こういうのって大抵は勇者だろーとかついつい脱力してしまう。
エクスカリバーとかオリハルコン製の剣とかを振り回す勇ましい正義の味方、勇者。
人々に害をなすモノをバッサバッサ切り倒して世界に平和を齎す皆の味方。
小さい頃、誰もが夢見たのはきっと魔王なんかじゃなくて勇者のハズだ。
な の に
俺がまさかの魔王サマ。
「お前ごときに負けるはずなかろう!」的テンションでいつも偉そうで、でも最終的にはほぼ全ての物語で勇者に負けてしまう敗北者それが魔王。
・・・しかし、魔王が負けて世界が平和になる話を見るたびに、「馬鹿だなーコイツ。実力もないのになんで魔王なんかやってんの?」と鼻でせせら笑ってたこの俺がまさかその敗北者になろうとは!!
世も末なんじゃなかろうかー。とか自分のことながら魔王選抜(?)の基準が心配になってしまう。

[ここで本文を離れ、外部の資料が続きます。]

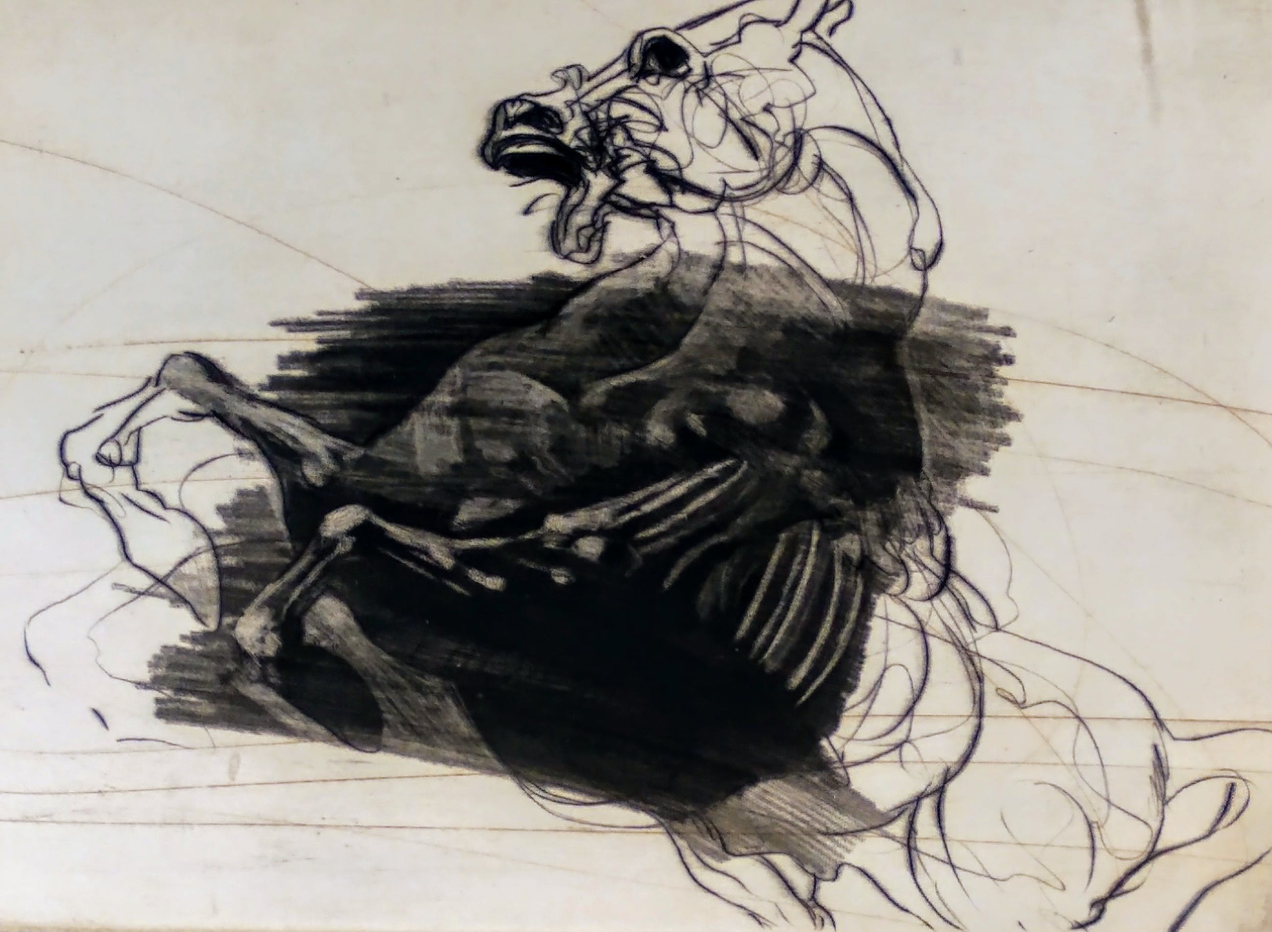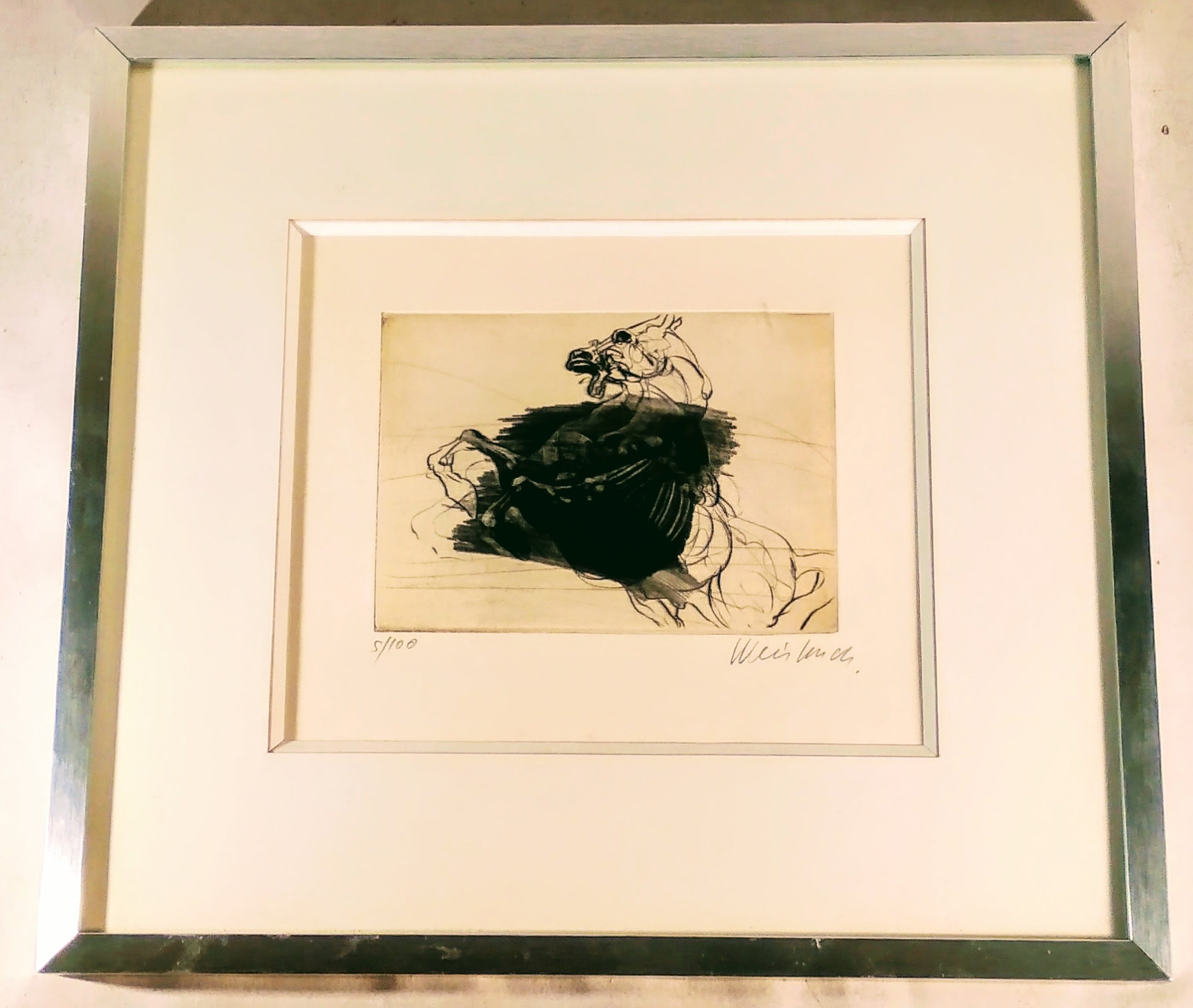 Lithography van een stijgerend paard door Claude Weisbuch genummerd 5 / 100.
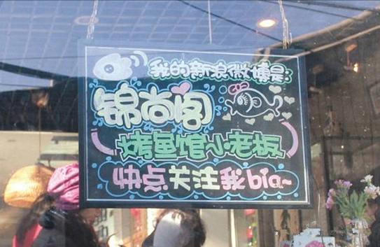 烤魚店開在胡同里,曲徑通幽,但人流量畢竟有限,作為廣告系畢業(yè)生的唐棠如何來推廣宣傳自己呢?唐棠介紹,她開店那會兒,趕上微博熱,于是她立即注冊了一個微博號,用戶名是“錦尚閣烤魚館小老板”,并附上自己的訂餐電話。在微博里,她每天勤勤懇懇地更新,內(nèi)容不全是店里的廣告,而是很多開店的趣事以及自己的生活片段,比如有一條微博是這樣寫的:“員工因家鄉(xiāng)不同,一會兒有離職要去收麥子的,一會兒有離職要去敲松子的,一會兒又有要回家收玉米的……導致我現(xiàn)在對農(nóng)廣天地的收獲時段了如指掌”;“來了一個帥得飛起來的男孩兒,女服務(wù)員們都瘋起來、爭著要服務(wù)這一桌,我批評了她們:服務(wù)行業(yè)怎么能失態(tài)不淡定!怎么能區(qū)別對待!你們知不知道,店是我的,你們是我的,好看的男客人也是我的!這桌我來服務(wù),你們都忙別的去吧……”這些詼諧有趣的情節(jié)以及老板的美照俘獲了眾多同齡人的心,目前她的微博共吸引了5000多名粉絲。唐棠說:“只要勤更新,微博的宣傳效果的確非常顯著而且很持久,開店沒多久,粉絲們就源源不斷地上門來品嘗烤魚,有很多人成了小店的回頭客。到現(xiàn)在,我的新浪微博名字一直寫在小黑板上,掛在店外,來回經(jīng)過的路人有時候也忍不住好奇心關(guān)注我的微博,變成潛在客戶!

誰がこんな日本生まれ日本育ちの善良な俺が魔王になると予測出来ただろうか。
・・・いや、誰も出来なかったに違いない。。
とりあえず頭を下げたままの虎に顔を上げさせて、聞き間違いの線を期待して一応恐る恐る聞いてみたりするがキッパリと応えてしまう。
「いま・・・・魔王って言った?」
『はい』
「人違い・・・・なんじゃ」
『ありえません。』
おーまいがー!!
魔王の俺を見守ってくれる神様なんていなさそうだが、とりあえず定番の驚き方をしてみる。
しかし、当たり前のように聞き間違いじゃなかった。
人違いでもないらしい。
淡々と話す虎に軽く頭痛を覚える。
全て聞かなかった事にしてふて寝したい気分だ。
「魔王・・・・ね」
ははっ・・・と空笑いが零れる。
ゲームで「激弱っ」とか言いながら倒してた魔王にまさか自分がなろうとは。。
もう笑いしか出んぞ。
「嘘だね・・・ありえん・・・・そう、そうだっ!!これは俺の妄想だ!きっとそうに違いない!!」
『主様・・・。』
世界が一時停止しているのをいいことに頭を抱えてブツブツ呟いてたら虎が、残念そうな呆れたような溜息をつく。
悪かったな、こんなんで!!
とか叫ぶ。心の中で。
*********
「不毛だ・・・」
しばらく悶々と頭を悩ませていた俺だったが、正解の見えなさそうな思考を無理矢理追い出す事で復活を果たした。
ひとまずは、疑問を横に置いて置くことにする。
一人で考えた所で俺の脳みそに異世界の情報なんてものは存在しないのだから、いくら頭を悩ませたって答えが出るわけがない。
時間の無駄だ。
さしあたっての問題は、賢そうな虎に聞くことで解決することにして、俺は目を虎に向けた。
「えーっと、お前名前は?」
虎相手にアンタとかいう勇気、俺にはない。
やっと自分ワールドから帰ってきた俺に虎は尻尾を一振りすると『ない』と当たり前のように答えた。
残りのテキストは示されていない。